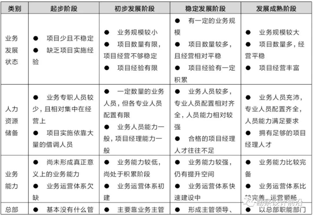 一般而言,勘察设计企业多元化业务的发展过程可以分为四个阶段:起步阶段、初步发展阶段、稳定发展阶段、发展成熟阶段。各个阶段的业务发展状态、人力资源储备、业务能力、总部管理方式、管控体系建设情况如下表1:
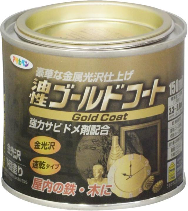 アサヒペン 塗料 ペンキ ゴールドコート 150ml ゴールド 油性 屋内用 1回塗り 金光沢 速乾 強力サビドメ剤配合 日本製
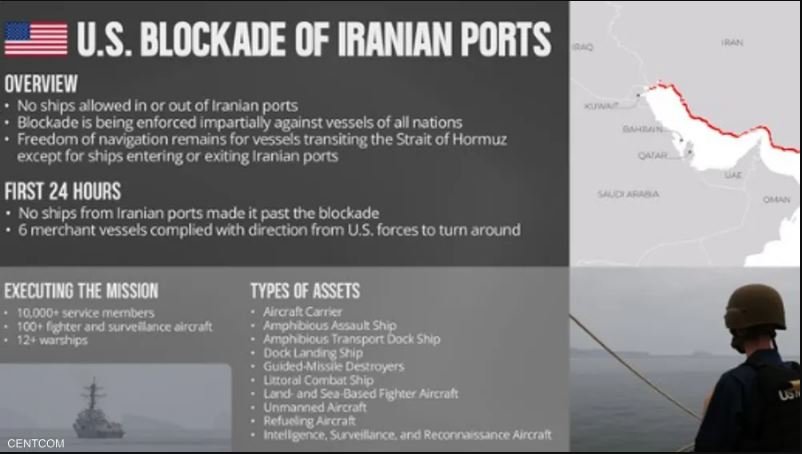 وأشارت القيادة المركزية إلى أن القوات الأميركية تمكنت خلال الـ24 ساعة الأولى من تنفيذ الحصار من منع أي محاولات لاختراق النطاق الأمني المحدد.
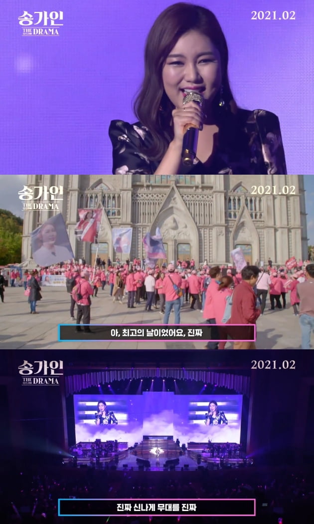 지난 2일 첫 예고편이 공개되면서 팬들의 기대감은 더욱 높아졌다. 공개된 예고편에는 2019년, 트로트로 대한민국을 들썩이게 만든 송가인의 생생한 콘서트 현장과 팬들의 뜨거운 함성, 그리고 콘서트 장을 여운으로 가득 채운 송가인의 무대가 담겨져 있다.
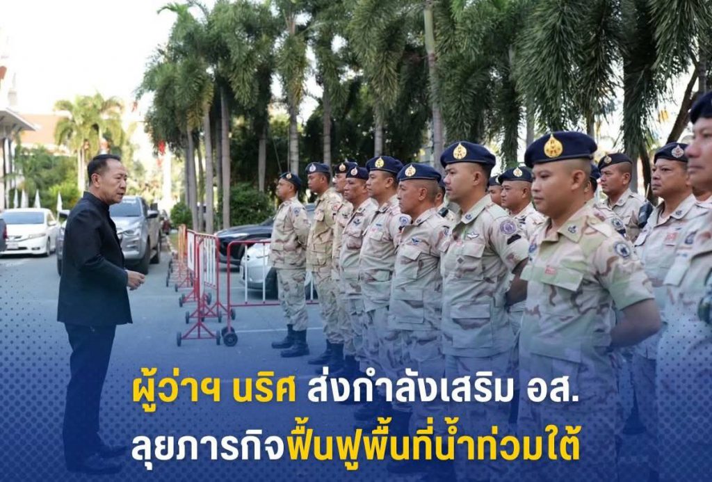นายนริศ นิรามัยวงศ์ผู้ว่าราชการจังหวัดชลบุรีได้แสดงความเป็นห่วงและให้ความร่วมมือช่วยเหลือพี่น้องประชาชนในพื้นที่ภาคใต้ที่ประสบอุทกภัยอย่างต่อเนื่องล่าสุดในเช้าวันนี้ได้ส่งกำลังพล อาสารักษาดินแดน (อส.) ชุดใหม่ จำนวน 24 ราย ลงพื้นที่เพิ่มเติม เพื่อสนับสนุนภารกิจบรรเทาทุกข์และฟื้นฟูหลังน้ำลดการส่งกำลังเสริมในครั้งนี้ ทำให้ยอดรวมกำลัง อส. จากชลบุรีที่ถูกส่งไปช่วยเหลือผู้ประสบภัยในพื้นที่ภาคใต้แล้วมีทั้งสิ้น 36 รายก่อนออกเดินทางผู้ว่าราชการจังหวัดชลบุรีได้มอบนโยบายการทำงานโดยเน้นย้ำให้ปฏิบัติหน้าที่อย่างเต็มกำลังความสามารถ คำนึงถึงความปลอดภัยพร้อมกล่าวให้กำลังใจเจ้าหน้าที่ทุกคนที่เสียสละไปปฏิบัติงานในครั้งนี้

____

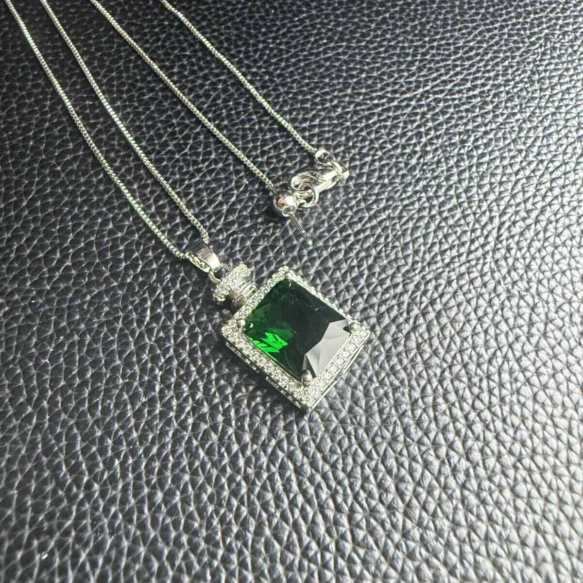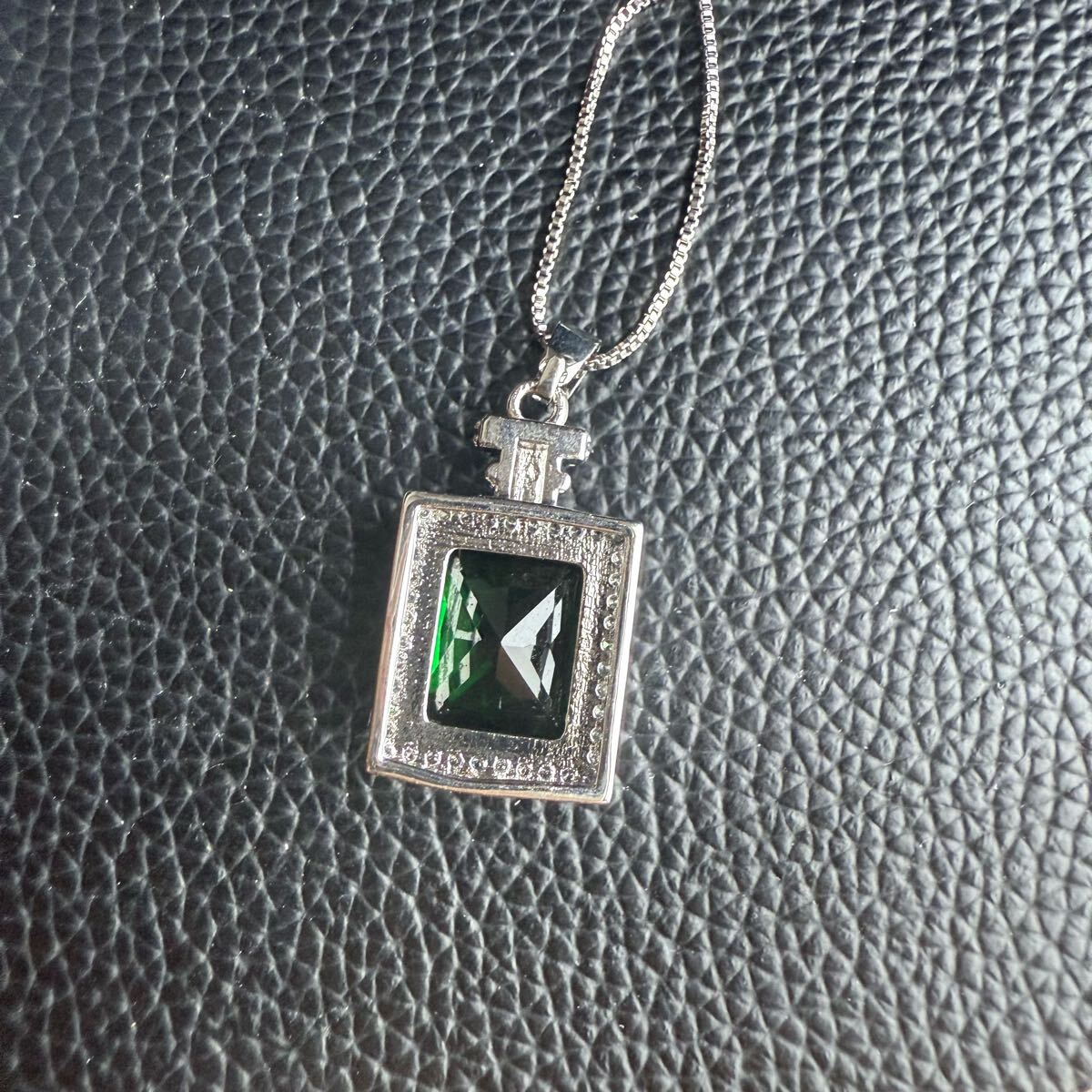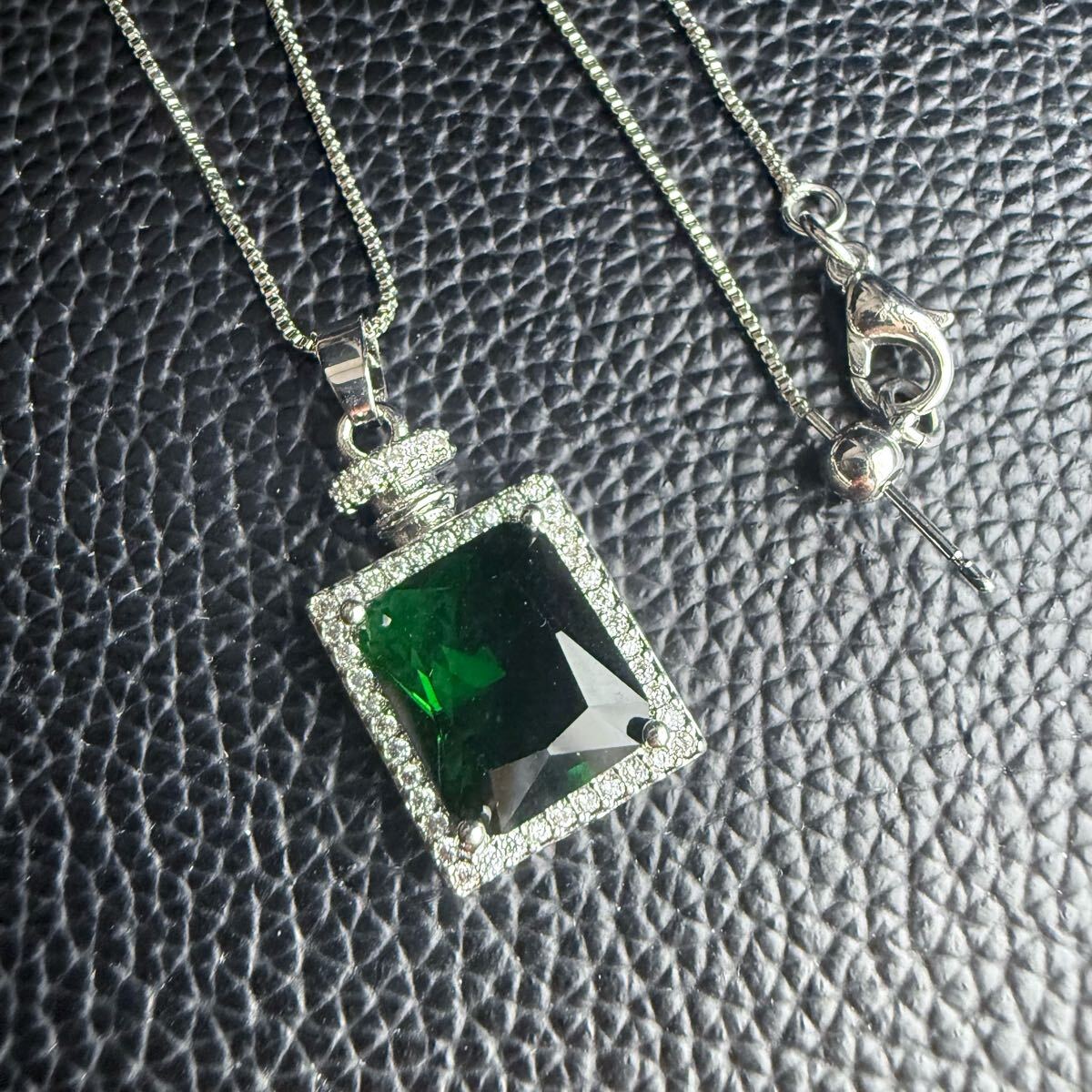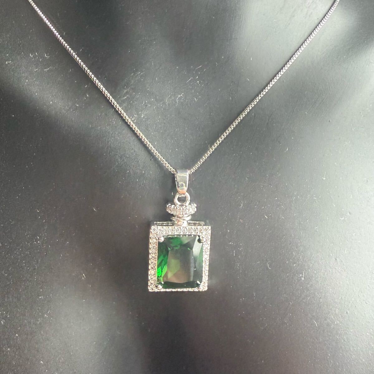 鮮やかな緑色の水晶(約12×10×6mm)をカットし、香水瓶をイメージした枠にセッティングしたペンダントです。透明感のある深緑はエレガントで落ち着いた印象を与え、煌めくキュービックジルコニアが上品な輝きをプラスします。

____

**About this task:** Pictures aside, print exactly the lines above starting with the one containing "アサヒペン 塗料 ペンキ" and going on through the one containing "อาสารักษาดินแดน (อส.) ชุดใหม่".

**Exercise output:**
 アサヒペン 塗料 ペンキ ゴールドコート 150ml ゴールド 油性 屋内用 1回塗り 金光沢 速乾 強力サビドメ剤配合 日本製
 وأشارت القيادة المركزية إلى أن القوات الأميركية تمكنت خلال الـ24 ساعة الأولى من تنفيذ الحصار من منع أي محاولات لاختراق النطاق الأمني المحدد.
 지난 2일 첫 예고편이 공개되면서 팬들의 기대감은 더욱 높아졌다. 공개된 예고편에는 2019년, 트로트로 대한민국을 들썩이게 만든 송가인의 생생한 콘서트 현장과 팬들의 뜨거운 함성, 그리고 콘서트 장을 여운으로 가득 채운 송가인의 무대가 담겨져 있다.
นายนริศ นิรามัยวงศ์ผู้ว่าราชการจังหวัดชลบุรีได้แสดงความเป็นห่วงและให้ความร่วมมือช่วยเหลือพี่น้องประชาชนในพื้นที่ภาคใต้ที่ประสบอุทกภัยอย่างต่อเนื่องล่าสุดในเช้าวันนี้ได้ส่งกำลังพล อาสารักษาดินแดน (อส.) ชุดใหม่ จำนวน 24 ราย ลงพื้นที่เพิ่มเติม เพื่อสนับสนุนภารกิจบรรเทาทุกข์และฟื้นฟูหลังน้ำลดการส่งกำลังเสริมในครั้งนี้ ทำให้ยอดรวมกำลัง อส. จากชลบุรีที่ถูกส่งไปช่วยเหลือผู้ประสบภัยในพื้นที่ภาคใต้แล้วมีทั้งสิ้น 36 รายก่อนออกเดินทางผู้ว่าราชการจังหวัดชลบุรีได้มอบนโยบายการทำงานโดยเน้นย้ำให้ปฏิบัติหน้าที่อย่างเต็มกำลังความสามารถ คำนึงถึงความปลอดภัยพร้อมกล่าวให้กำลังใจเจ้าหน้าที่ทุกคนที่เสียสละไปปฏิบัติงานในครั้งนี้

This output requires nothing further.